Town Council Chairman John Davis declined to comment after the meeting, saying he might have a statement Tuesday.
Cate Street or its subsidiary own the mill site on Katahdin Avenue, which includes the No. 11 paper machine. GNP also owns the paper mill in East Millinocket. A more complete property listing was not immediately available.
The company is also late on its $350,000 second-half payment to East Millinocket, said Clint Linscott, chairman of the East Millinocket Board of Selectmen. Linscott declined further comment.
Cate Street spokesman Scott Tranchemontagne said company officials met with Daigle last week to discuss a tax payment plan.
“We thought the meeting was productive,” Tranchemontagne said. “We remain committed to the payment-plan concept and I hope that we can work that through with the town.”
Millinocket’s school board is due to complete its budget for the 2013-14 fiscal year, which begins July 1, when it meets at Stearns High School at 3 p.m. Tuesday. Budget figures weren’t immediately available Monday, but Daigle said the board’s budget was preliminarily set to increase next year by about $70,000 over this year’s.
Under the roughed-out budget Daigle compiled, the town’s mill rate would rise to $27.24 for every $1,000 of taxed property, up from $26.40 this year. However, according to her review of town records, the town’s property tax rate has been artificially deflated by payments from the town’s cash reserve for years.

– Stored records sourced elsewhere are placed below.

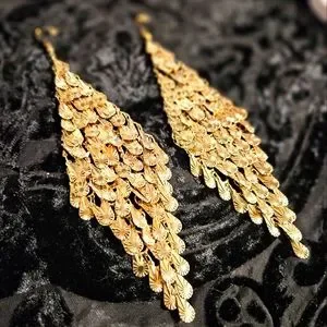 Beautiful 7" Gold Dangling Earrings
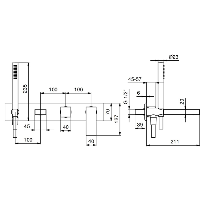Смеситель для ванны Fantini Mint со встраиваемой установкой и ручным душем (34 93 F721B)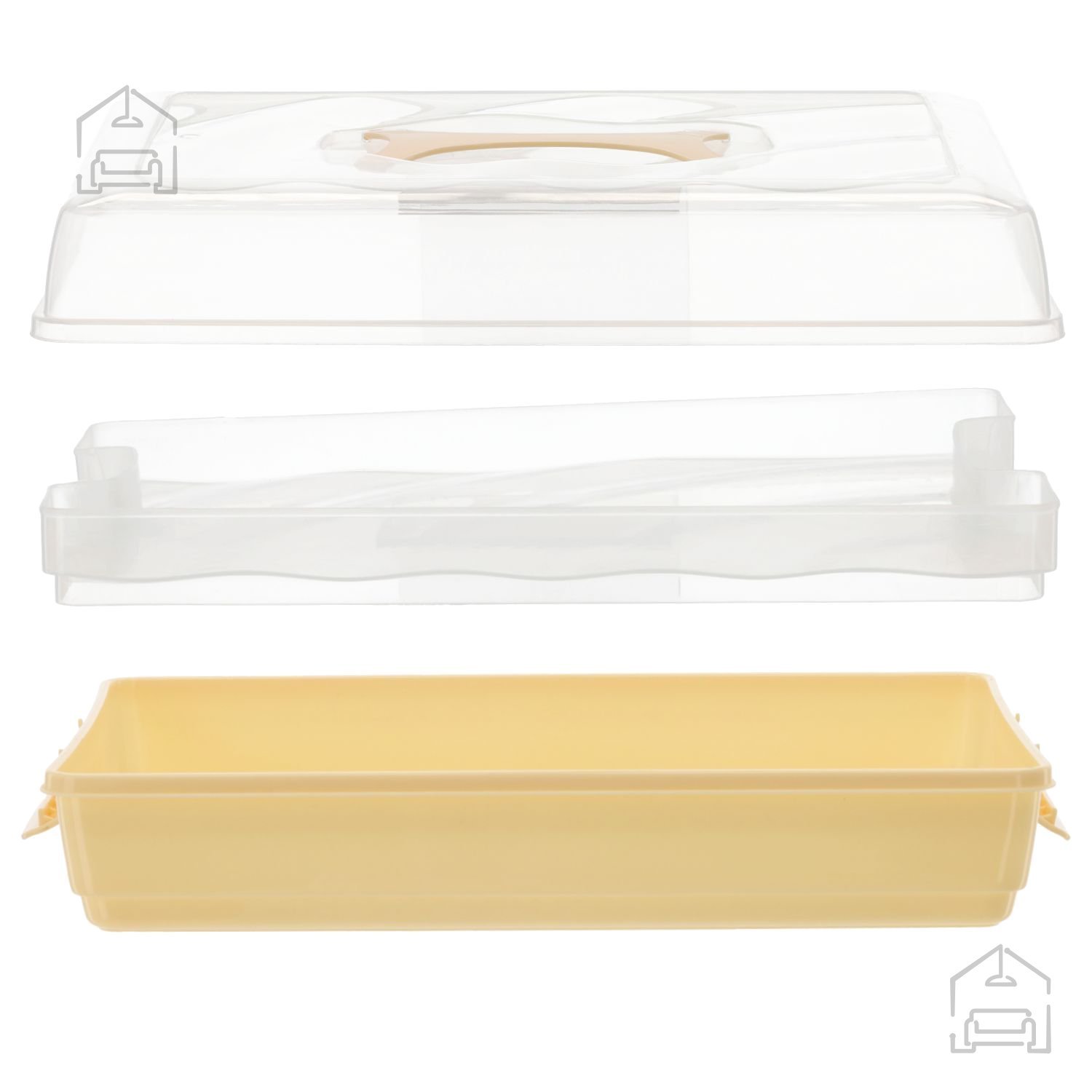 Ko torto postavite v posodo, pokrov preprosto namestite na dno in ga pritrdite s stranskimi zapirali. Po uporabi lahko posodo operete ročno ali v pomivalnem stroju in jo nato shranite – zaradi kompaktne oblike ne zasede veliko prostora v omari. Material se ne razbarva in ne absorbira vonjav, zato ostane posoda sveža in pripravljena za naslednjo uporabo.
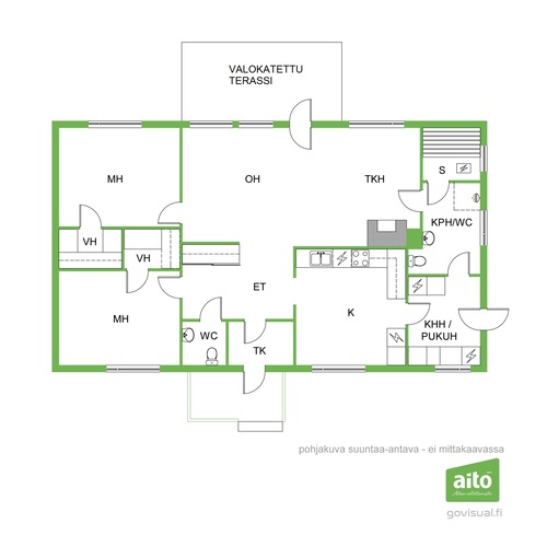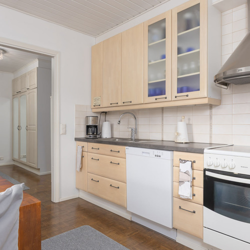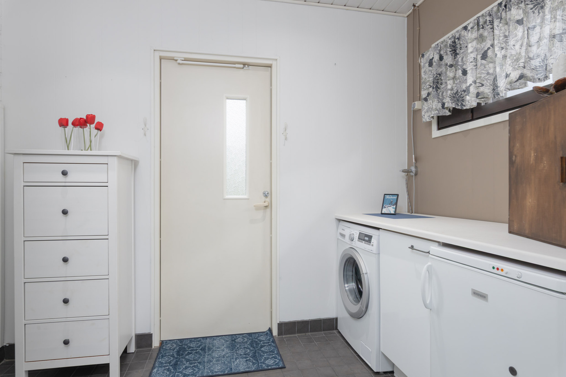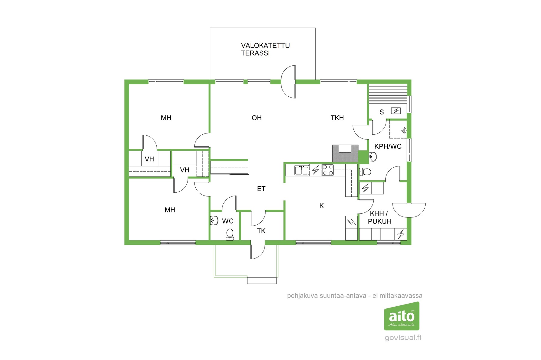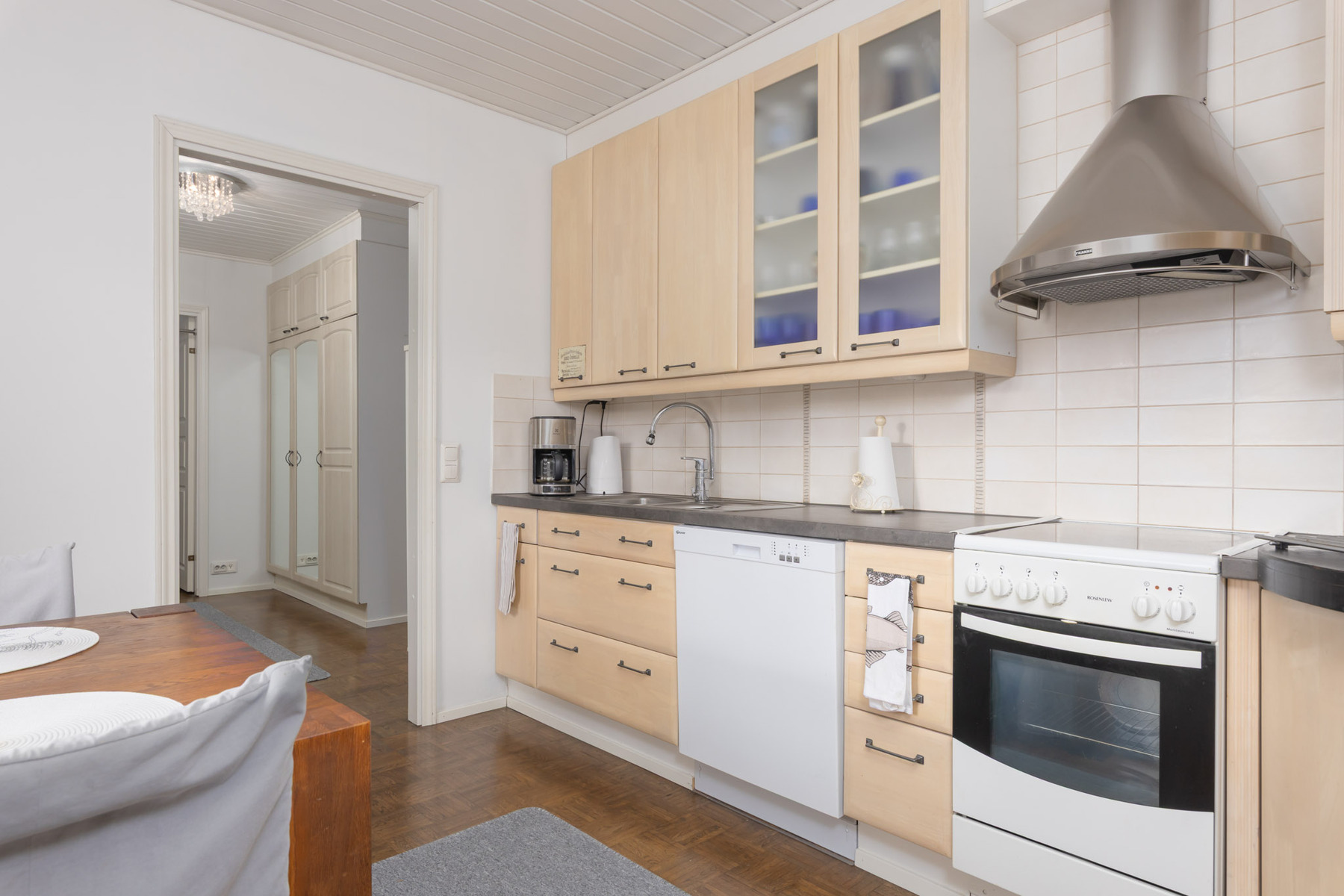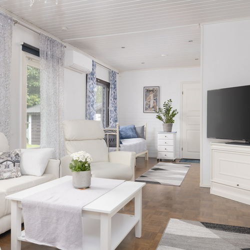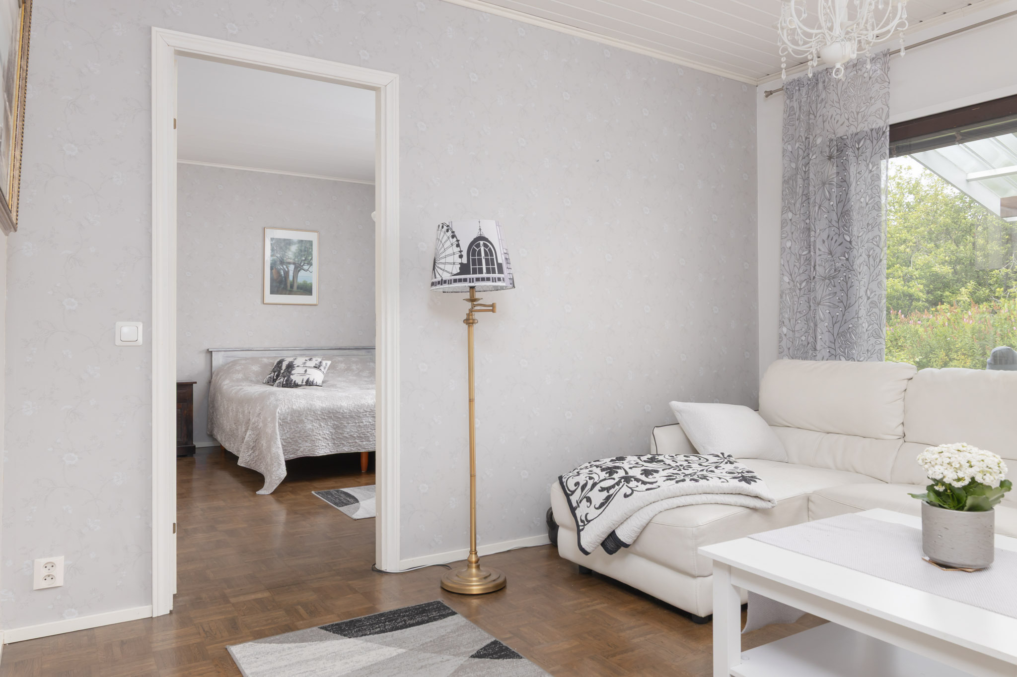 Huoneisto käsittää mm. tilavan olohuoneen, joka jatkuu takkahuoneena, kaksi makuuhuonetta vaatehuoneineen, keittiön, kodinhoitohuoneen, kylpyhuoneen, saunan, wc-tilat sekä runsaasti säilytystiloja. Olohuoneesta avautuu käynti omalle takapihalle, jossa on valokatettu terassi: ja etupihalla on viihtyisä pergola ja grilli – täydelliset puitteet rentoon oleskeluun ja yhdessäoloon.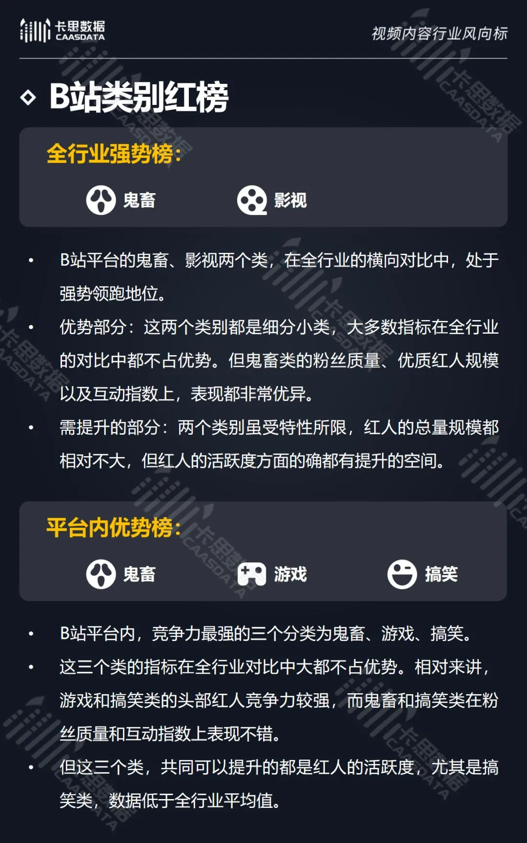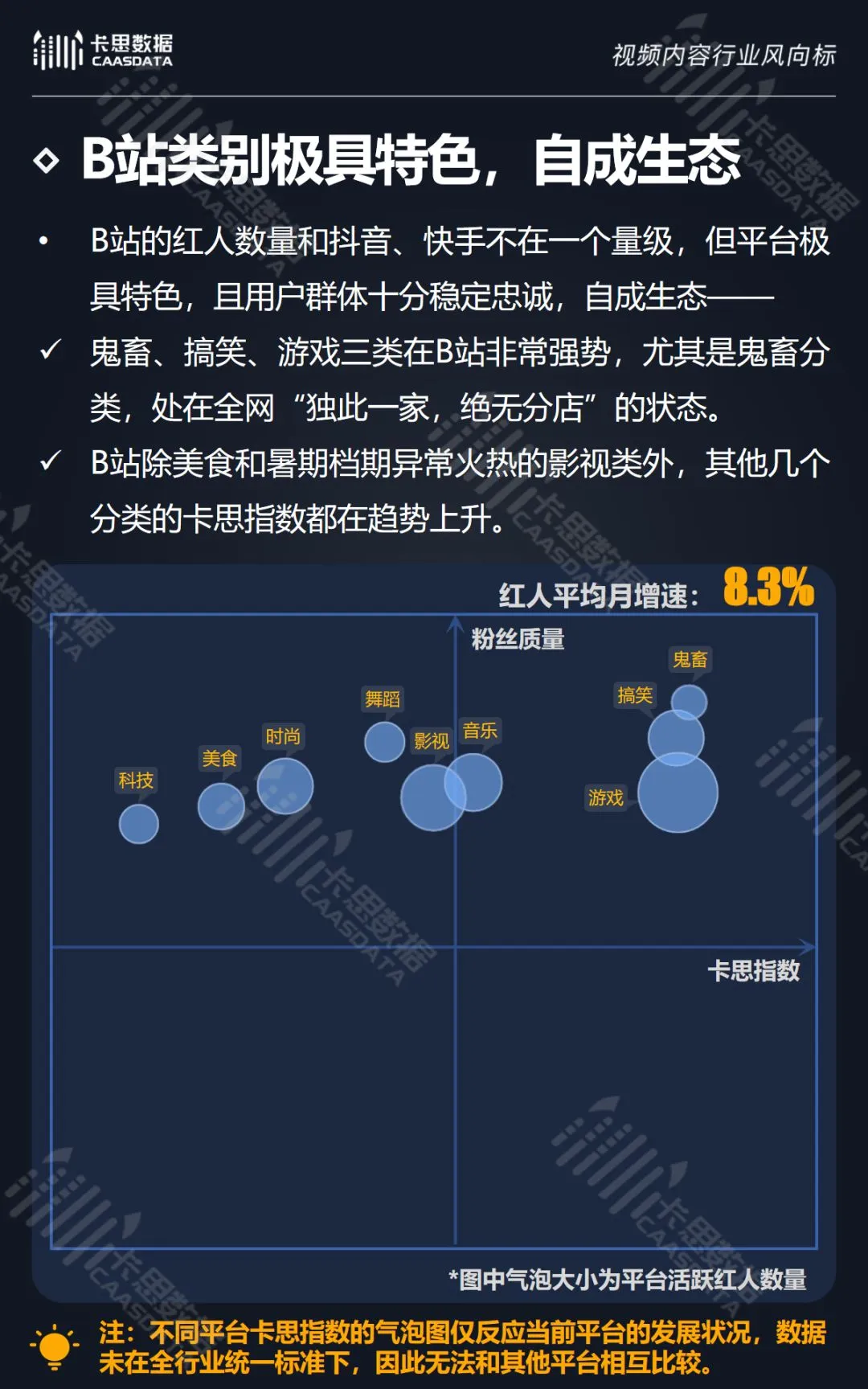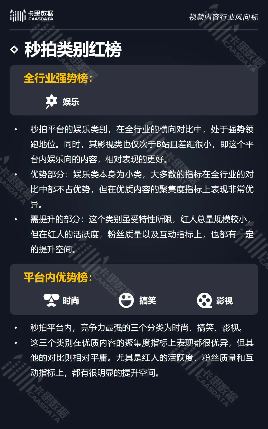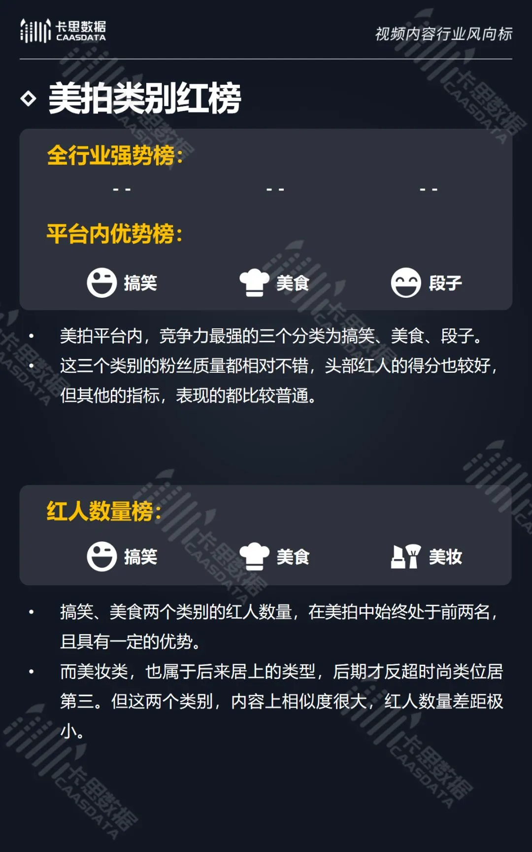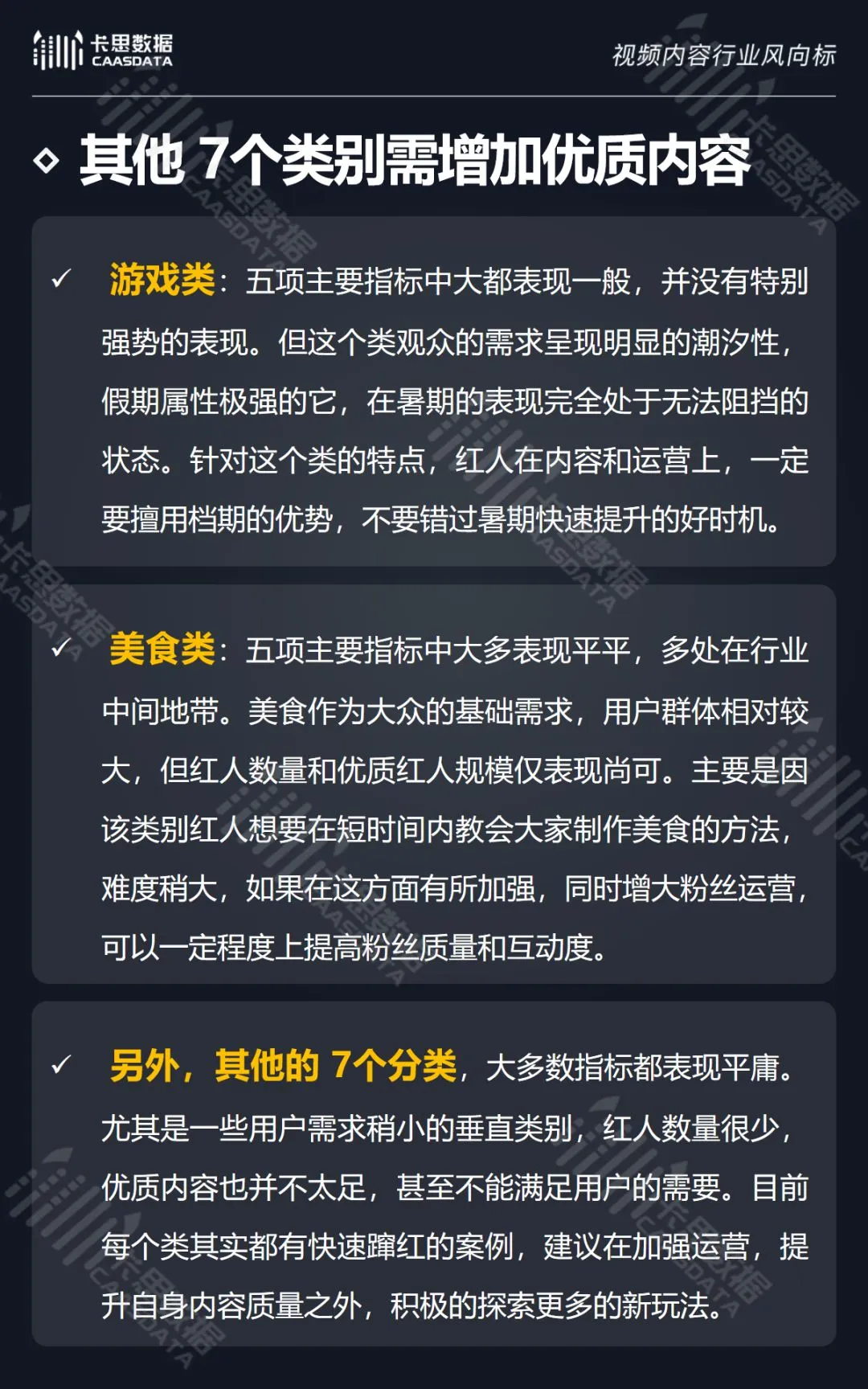 在14个内容分类中,搞笑、音乐舞蹈、小哥哥、小姐姐4类红人的数量和卡思指数在全行业领先。搞笑类四项指标(卡思指数、红人数量、粉丝质量、互动度)接近满分,强势领跑。小哥哥类各项指标表现最为均衡。萌娃萌宠、游戏、美食3类提升空间较大。而用户需求较小的垂类,红人数量少,优质内容严重不足。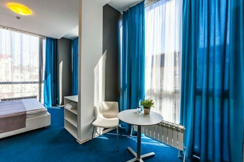 Для проживания предлагаются светлые номера с красивым видом на главную улицу. В комнатах есть всё необходимое для комфортного отдыха вдали от дома: Wi-Fi, современная мебель и техника, пространство для хранения вещей, чай, кофе, бутилированная вода. В ванной: банные принадлежности, тапочки, халат (по запросу).
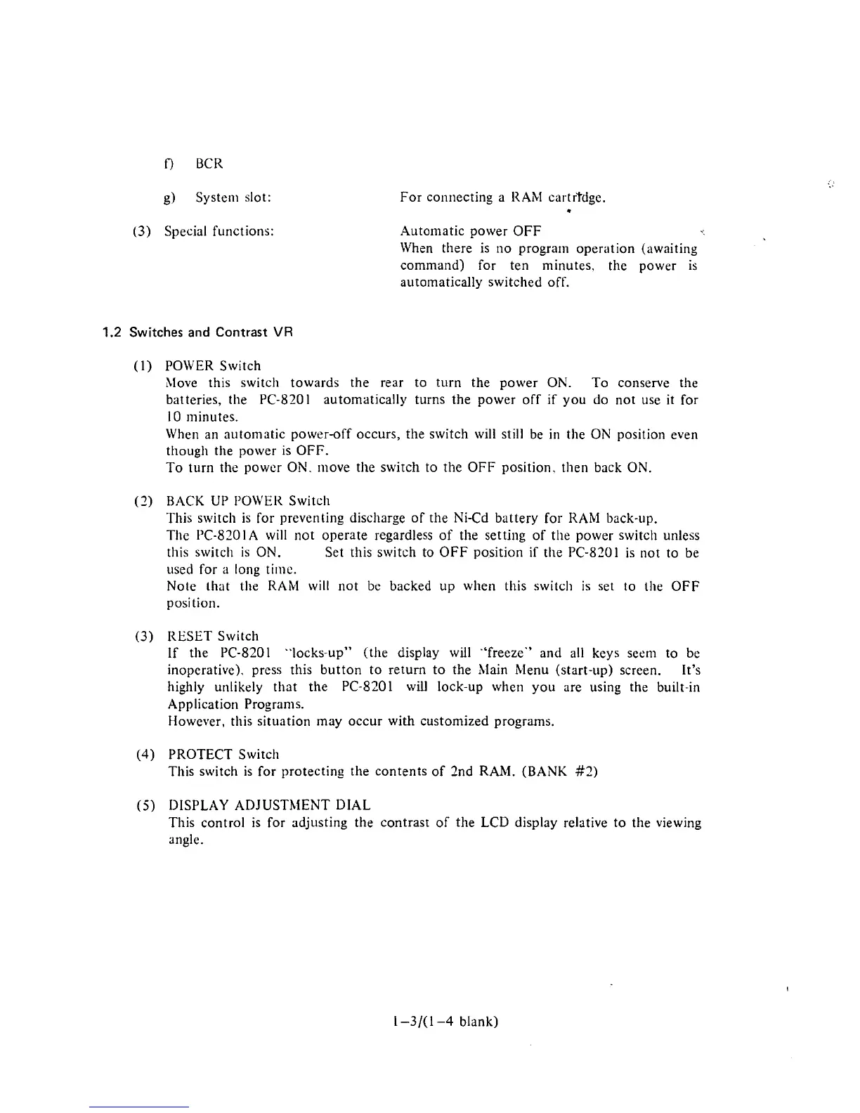 ON. Set this switch to OFF position if the PC-8201 is not to be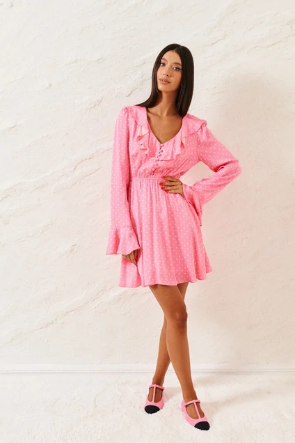 Платье полуприлегающего силуэта выполнено из розового полотна с принтом горох. Характеристики: полуприлегающий силуэт, отрезное, отрез на резинке, V образный вырез горловины, по периметру горловины нашит волна, по переду функциональные пуговички, пуговички декорированы тканью основного изделия, рукав втачной по низу рукава волан, низ в изделии на подкладке свободного кроя. Длина изделия 85 см, длина рукава 69 см.

Town government, Daigle said, should have about $4.55 million in cash, enough to pay its way until taxes typically come due in November. The town’s cash reserves dropped from about $2.7 million about three years ago to $800,000. It peaked in 2003 and about $3.3 million, according to Daigle. The 2012 reserve was $1.3 million.
Several overages ate into the reserve since July 1, 2012. Town leaders pulled $660,000 from the reserve to offset a potential mill rate increase. Another $305,000 went to the School Department in 2011 to cover an overspent budget. Town officials budgeted $720,000 in revenues expected from state government to offset a loss in valuation of the paper mill, but received only $504,000 of that payment, Daigle said.
Raising taxes enough to generate $4.55 million in reserves would raise the mill rate to about $38.16 mills. That would raise the taxes paid on a $50,000 home in Millinocket from $1,320 at $26.40 mills to $1,908, Daigle said.
Her talk of the ideal cash reserve might be more theoretical than real but for her meetings last week with GNP leaders and at KeyBank, which town government uses. KeyBank officials said that the tax delinquency in Millinocket creates among them concerns about the town’s ability to pay back any tax anticipation note, or TAN. Daigle was considering seeking a TAN of $3 million, about double the TAN the town got in mid-September 2012 and paid off last month, Daigle said.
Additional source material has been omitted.